The companies did not disclose the rate at which they are drawing oil from Kashagan—given their sorry history with the field, it is probably a cautious dribble. They have said only that they aim to ramp up initially to 180,000 barrels a day, and later in this first phase of development to 370,000 barrels a day.

That is a fraction of the 1.5 million barrels a day that oilmen expect from the field at its peak. But in a way it is a triumph. According to the companies, the main troubles with Kashagan have been three-fold—its high content of poisonous hydrogen sulfide, the enormous pressure underneath its salt dome, and its location under just 9 meters (30 feet) of water in the Caspian Sea. On top of this, the Kazakh government has threatened serious repercussions should there be any environmental problems; it has not spelled out the punishment, but has hinted that the contract itself could be in jeopardy.

Yet for all those hindrances, the puzzle has been that Kashagan is not the only place the companies have faced such challenges. In Kazakhstan itself, Chevron, ExxonMobil and Eni for years have been pumping oil and gas from two other supergiants in the same carboniferous zone under similar conditions—Tengiz and Karachaganak.
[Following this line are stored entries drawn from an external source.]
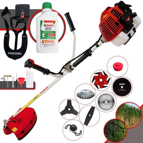 Roçadeira Profissional Lateral Kawashima KW43-L À Gasolina 2T 43cc 1,7HP Com Lâmina 3 Pontas + Faca 2 Pontas 330mm + Faca 40 Dentes 255mm + Faca 80 Dentes 255mm + Faca 6 Pontas 250mm + Escova 38 Cerdas + Trimmer + Óleo Castrol Stihl 500ml 2 Tempos
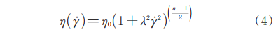 Select the Bird-Careau constitutive equation for numerical simulation to explore the relationship between shear rate and viscosity of polylactic acid.
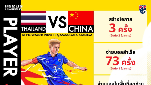 โก๋อุ้มครองท็อป3สถิติเกมไทยพ่ายจีน

So why the long delay? When you are alone in a bar with American or British oilmen, they tend to blame Eni, the field operator, who they assert has not been up to the task (something that the Italians, when you get them in the bar, hotly deny). In 2008, the other partners forced Eni to relinquish operatorship of the field’s advanced phases to ExxonMobil and Shell.

Then last year, ExxonMobil and Shell threatened to pull out of the field entirely unless they were ceded even more control. They also want a production-sharing agreement that lasts until 2041 to be made 20 years longer; under the terms of this deal, the oil firms can recover most of their costs before giving oil revenues to the government. Analysts said that capital spending has so swelled—field expenses doubled to about $48 billion just for the first phase—that the companies won’t earn enough unless they can continue past 2041. At least so far, the Kazakhs have conceded to neither demand.
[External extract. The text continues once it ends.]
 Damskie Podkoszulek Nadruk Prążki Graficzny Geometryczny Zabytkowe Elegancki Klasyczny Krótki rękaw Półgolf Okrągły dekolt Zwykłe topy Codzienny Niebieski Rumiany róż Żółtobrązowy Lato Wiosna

Industry consensus has been that the consortium will never get the most out of Kashagan. It is said that the costs are too high, Kazakhstan too remote and the competition for capital spending too intense from other parts of the world. But a competing narrative is that such talk has reflected emotion in the heat of the trouble—and that once production actually started, tempers would moderate, and sensible talk about the next steps would begin.

That could happen. The flow of some $37 million a day in income (at today’s prices) can rapidly improve one’s mood. But greed is also a byproduct of such bonanzas. Kashagan’s future is in the balance in between.